Please repeat every record below exactly as written, but leave out the pictures.

[Entries taken from a collection]
'''
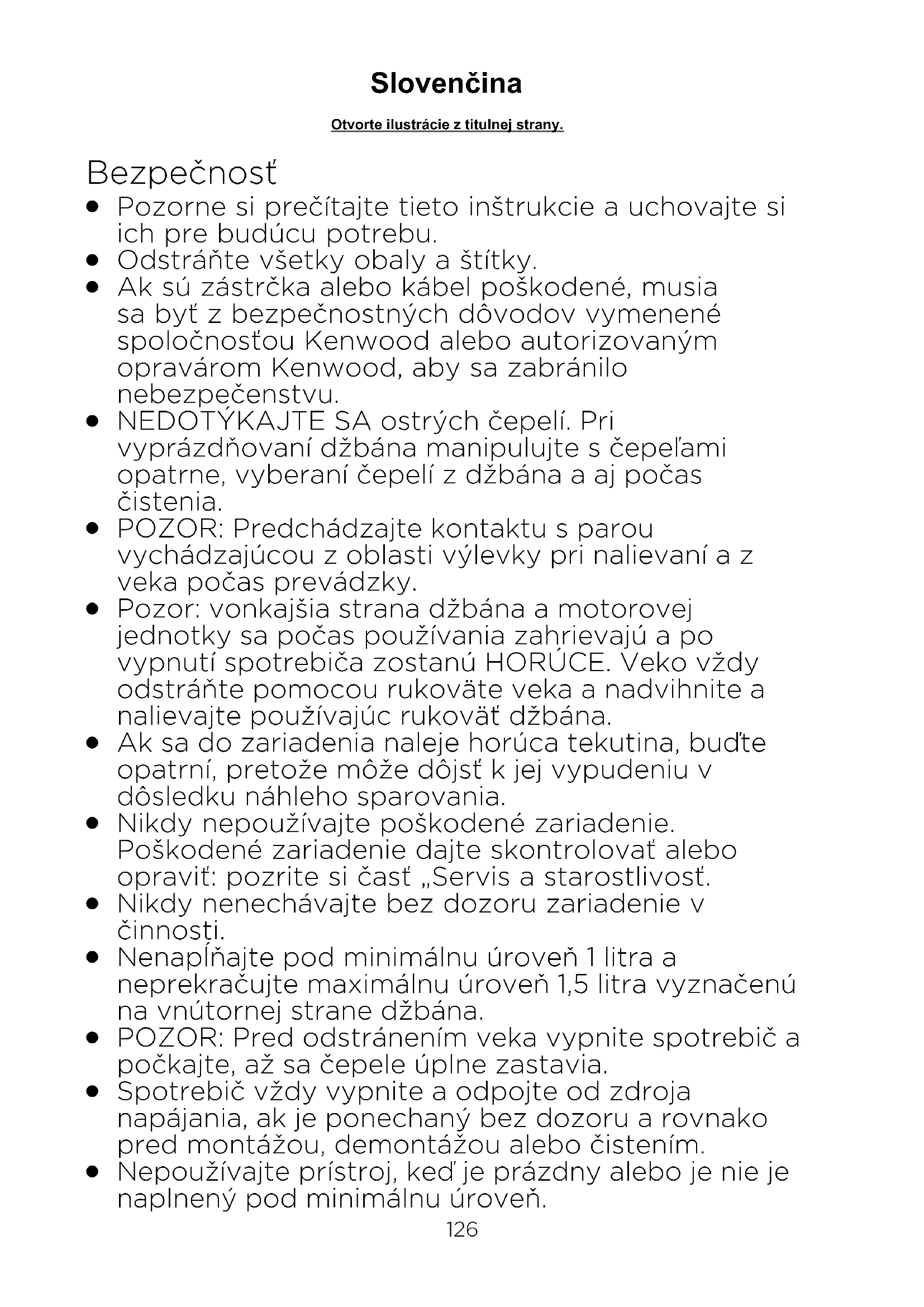 Ak sú zástrčka alebo kábel poškodené, musia sa byť z bezpečnostných dôvodov vymenené spoločnosťou Kenwood alebo autorizovaným opravárom Kenwood, aby sa zabránilo nebezpečenstvu.
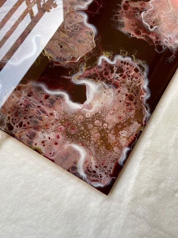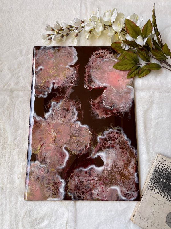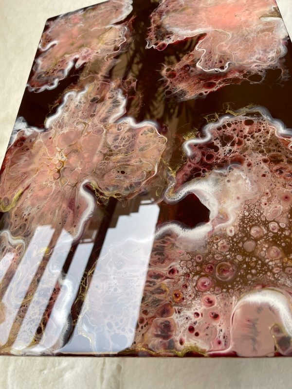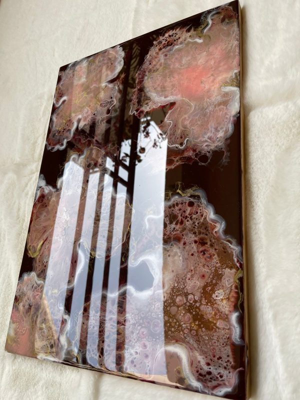 This epoxy resin wall art on a wood panel has a unique abstract design of flowers in shades of pink, gold and white on a rich burgundy background. The details are achieved through a special art technique and is created in layers to achieve the depth and shine.
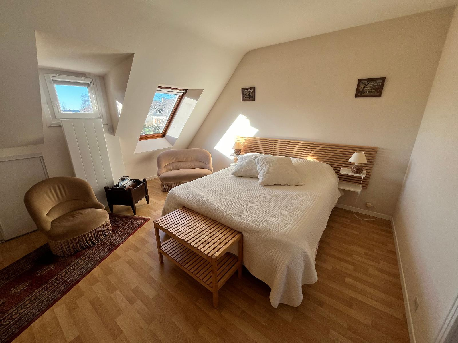 Vannes (56000)Charmante maison située dans le quartier ouest de Vannes, au sein d'un environnement calme et résidentiel recherché. Cette maison, exposée plein sud, séduit par ses beaux volumes et son atmosphère chaleureuse. Idéalement positionnée, elle offre un cadre de vie paisible tout en étant proche des commodités (bus , écoles et commerces). Le séjour lumineux, exposé plein sud, constitue le c?ur convivial de la maison. Agrémenté d'une cheminée, il devient un espace accueillant pour des moments de détente en famille ou entre amis. La luminosité naturelle inonde cet espace, créant une ambiance agréable et lumineuse. Le rez-de-chaussée se poursuit avec une cuisiné séparée aménagée, une suite parentale offrant une belle chambre, un dressing et une salle d'eau, assurant ainsi une vie de plain pied. A l'étage: deux chambres avec rangements, une salle d'eau, un bureau et une autre grande chambre avec salle de bains privative. L'orientation plein sud de la maison est un atout majeur, permettant de profiter pleinement du jardin ensoleillé. Un garage et une cave complètent ce bien. Cette propriété représente une opportunité rare sur le marché de Vannes ouest. Gare de Vannes à 5 minutes en voiture, le centre de ville à 3 minutes. Bus à pied. Ecoles à proximité immédiate.
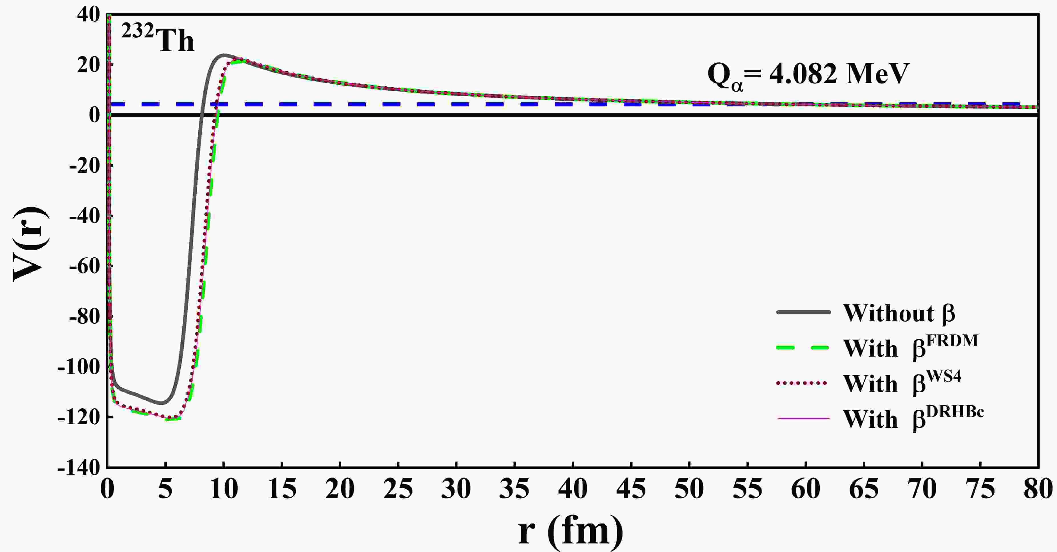 $ V(r) $ for the nucleus 232Th in TPA with and without deformation. The black dashed line represents the potential without deformation, whereas the other three curves correspond to the potential changes with deformation from the FRDM (green dashed line), WS4 (brown dashed line), and DRHB (red dashed line) models.Additionally, some studies have shown that the average diffuseness parameter
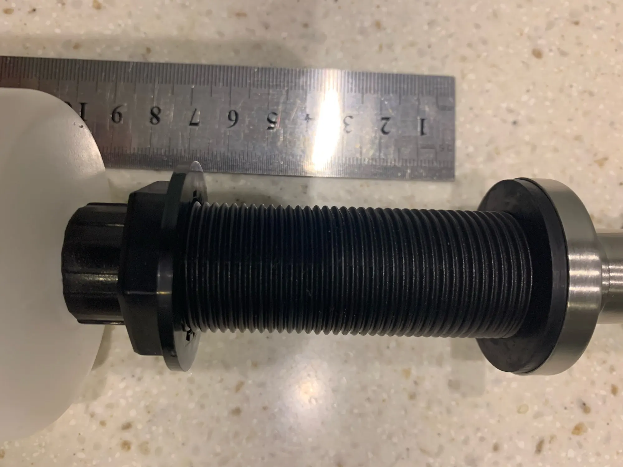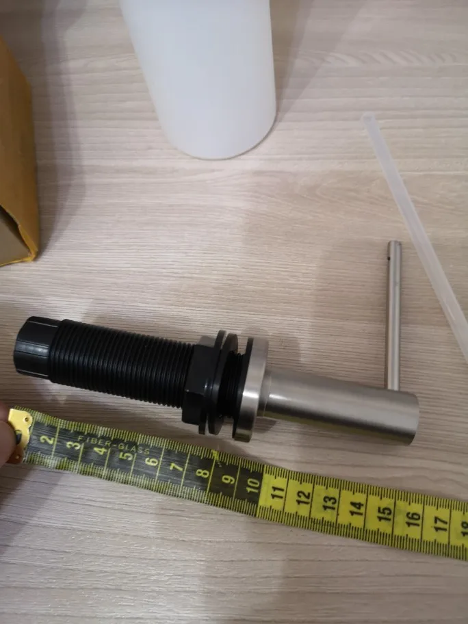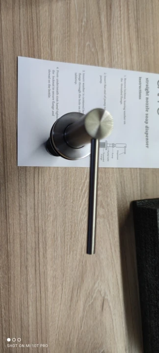 Llego en menos de 2 semanas. Tiene un solido cabezal de autentico acero inoxidable que tiene un buen tamaño (no es pequeño como los dosificadores del cuarto de baño). Se monta en 2 minutos en un agujero de 26 mm. Precio/calidad inmejorable!
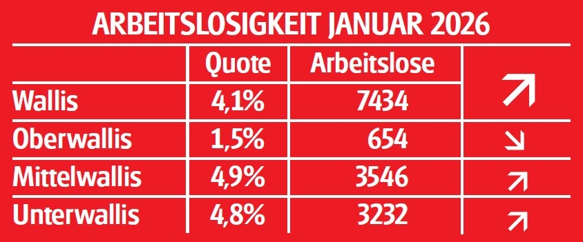 Ende Januar waren in den Regionalen Arbeitsvermittlungszentren (RAV) des Wallis 7434 Arbeitslose gemeldet. Im Vergleich zum Vormonat sind dies 216 mehr. Im Kanton Wallis stieg die Arbeitslosenquote leicht um 0,2 Prozentpunkte auf 4,1 Prozent an.
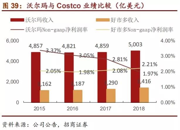 Costco的費(fèi)用率處于10%左右的水平,遠(yuǎn)低于沃爾瑪20%左右的費(fèi)用率。
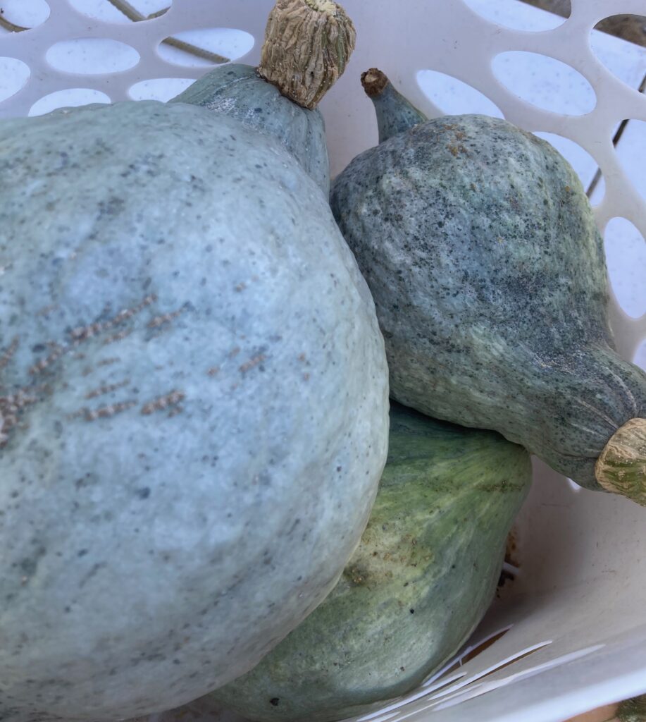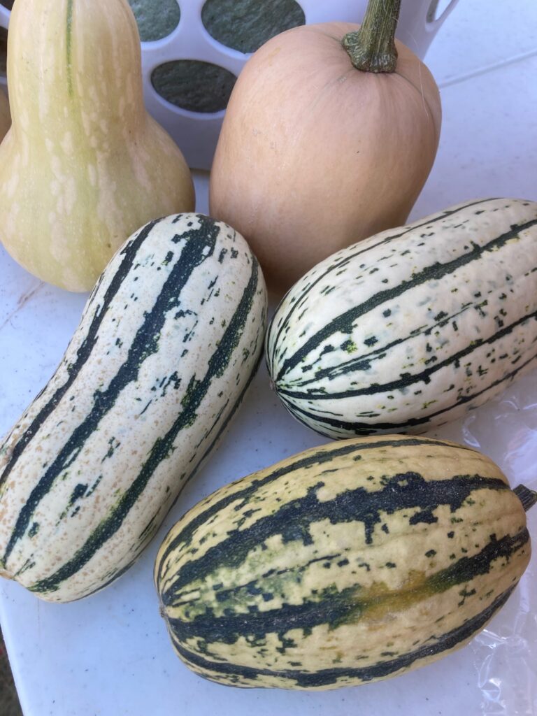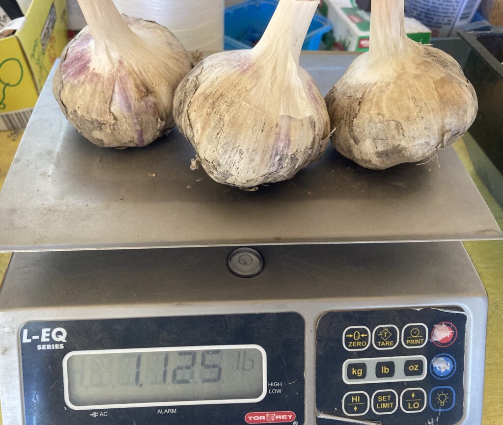 Elephant Garlic–technically in leek family, but divides and tastes like a mild garlic. We love it!
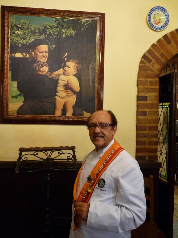 Pero no sólo eso, porque este cocinero es un emprendedor que no deja de lado la formación profesional -se encuentra estudiando un master de gestión empresarial en una conocida escuela de negocios- y por sus mesas pasan las personalidades académicas, políticas, empresariales…más importantes de España. Su humanidad trasciende y supera la maestría con la que maneja sus fogones, por eso en el comedor no hace distingos y sus clientes, aunque alguno se moleste por estar en lista de espera- salen satisfechos del restaurante porque este hombre tiene un credo: «darle al comensal lo que le gusta». Tal vez por eso las mesas se llenan de japoneses, franceses, italianos…que se quieren hacer fotos con él como si fuera Cristiano Ronaldo. Bueno, en cierto modo lo es, el CR7 del cochinillo (Cochinillo Rico). No hay duda. ¡Ah, se me olvidaba lo del cuadro!. Quienes aparecen en él son su padre y la mayor de sus cuatro hijos, a la sazón, misionera. Que quede claro.
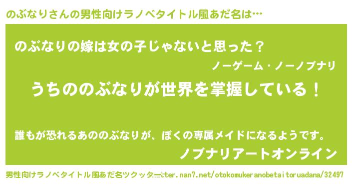 | 女子向けラノベタイトル風あだ名 | 『男装のぶなりの憂鬱な任務』 |
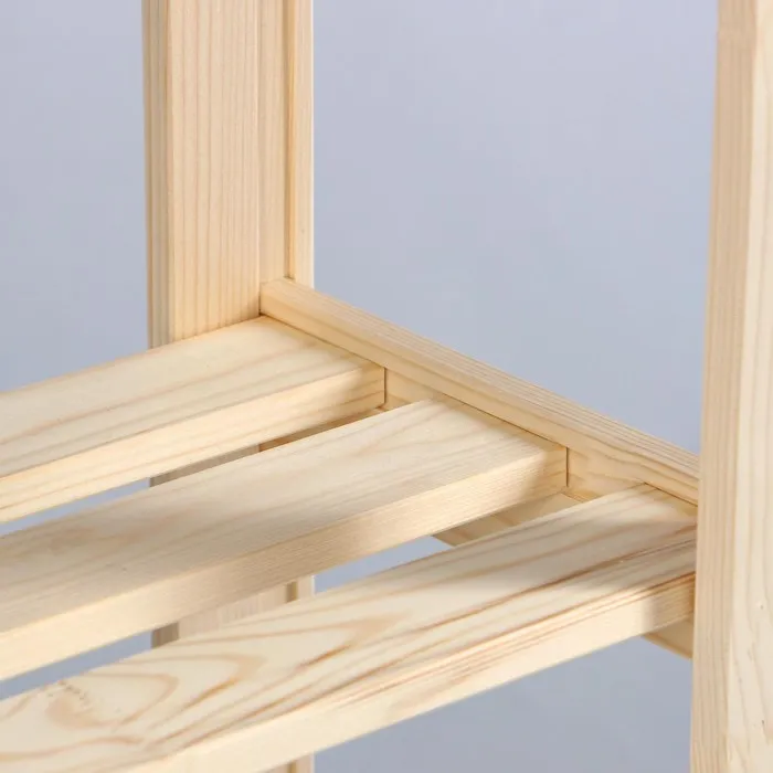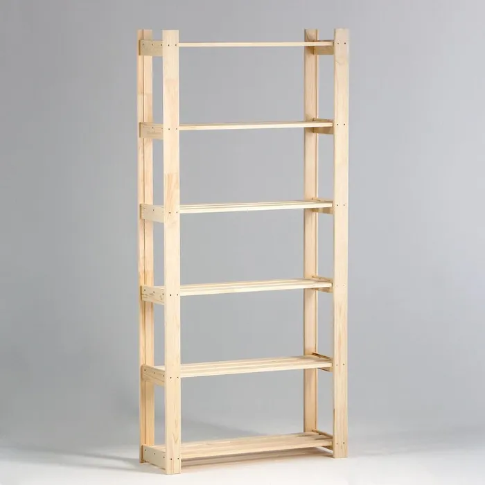 Открытый компактный стеллаж, сделанный из массива хвои, самый бюджетный в нашей серии. Он станет полезной частью гостиной, спальни, детской комнаты, квартиры-студии или офисных помещений.
'''
* _WRITTEN RESPONSE_:
 Ak sú zástrčka alebo kábel poškodené, musia sa byť z bezpečnostných dôvodov vymenené spoločnosťou Kenwood alebo autorizovaným opravárom Kenwood, aby sa zabránilo nebezpečenstvu.
 This epoxy resin wall art on a wood panel has a unique abstract design of flowers in shades of pink, gold and white on a rich burgundy background. The details are achieved through a special art technique and is created in layers to achieve the depth and shine.
 Vannes (56000)Charmante maison située dans le quartier ouest de Vannes, au sein d'un environnement calme et résidentiel recherché. Cette maison, exposée plein sud, séduit par ses beaux volumes et son atmosphère chaleureuse. Idéalement positionnée, elle offre un cadre de vie paisible tout en étant proche des commodités (bus , écoles et commerces). Le séjour lumineux, exposé plein sud, constitue le c?ur convivial de la maison. Agrémenté d'une cheminée, il devient un espace accueillant pour des moments de détente en famille ou entre amis. La luminosité naturelle inonde cet espace, créant une ambiance agréable et lumineuse. Le rez-de-chaussée se poursuit avec une cuisiné séparée aménagée, une suite parentale offrant une belle chambre, un dressing et une salle d'eau, assurant ainsi une vie de plain pied. A l'étage: deux chambres avec rangements, une salle d'eau, un bureau et une autre grande chambre avec salle de bains privative. L'orientation plein sud de la maison est un atout majeur, permettant de profiter pleinement du jardin ensoleillé. Un garage et une cave complètent ce bien. Cette propriété représente une opportunité rare sur le marché de Vannes ouest. Gare de Vannes à 5 minutes en voiture, le centre de ville à 3 minutes. Bus à pied. Ecoles à proximité immédiate.
 $ V(r) $ for the nucleus 232Th in TPA with and without deformation. The black dashed line represents the potential without deformation, whereas the other three curves correspond to the potential changes with deformation from the FRDM (green dashed line), WS4 (brown dashed line), and DRHB (red dashed line) models.Additionally, some studies have shown that the average diffuseness parameter
 Llego en menos de 2 semanas. Tiene un solido cabezal de autentico acero inoxidable que tiene un buen tamaño (no es pequeño como los dosificadores del cuarto de baño). Se monta en 2 minutos en un agujero de 26 mm. Precio/calidad inmejorable!
 Ende Januar waren in den Regionalen Arbeitsvermittlungszentren (RAV) des Wallis 7434 Arbeitslose gemeldet. Im Vergleich zum Vormonat sind dies 216 mehr. Im Kanton Wallis stieg die Arbeitslosenquote leicht um 0,2 Prozentpunkte auf 4,1 Prozent an.
 Costco的費(fèi)用率處于10%左右的水平,遠(yuǎn)低于沃爾瑪20%左右的費(fèi)用率。
 Elephant Garlic–technically in leek family, but divides and tastes like a mild garlic. We love it!
 Pero no sólo eso, porque este cocinero es un emprendedor que no deja de lado la formación profesional -se encuentra estudiando un master de gestión empresarial en una conocida escuela de negocios- y por sus mesas pasan las personalidades académicas, políticas, empresariales…más importantes de España. Su humanidad trasciende y supera la maestría con la que maneja sus fogones, por eso en el comedor no hace distingos y sus clientes, aunque alguno se moleste por estar en lista de espera- salen satisfechos del restaurante porque este hombre tiene un credo: «darle al comensal lo que le gusta». Tal vez por eso las mesas se llenan de japoneses, franceses, italianos…que se quieren hacer fotos con él como si fuera Cristiano Ronaldo. Bueno, en cierto modo lo es, el CR7 del cochinillo (Cochinillo Rico). No hay duda. ¡Ah, se me olvidaba lo del cuadro!. Quienes aparecen en él son su padre y la mayor de sus cuatro hijos, a la sazón, misionera. Que quede claro.
 | 女子向けラノベタイトル風あだ名 | 『男装のぶなりの憂鬱な任務』 |
 Открытый компактный стеллаж, сделанный из массива хвои, самый бюджетный в нашей серии. Он станет полезной частью гостиной, спальни, детской комнаты, квартиры-студии или офисных помещений.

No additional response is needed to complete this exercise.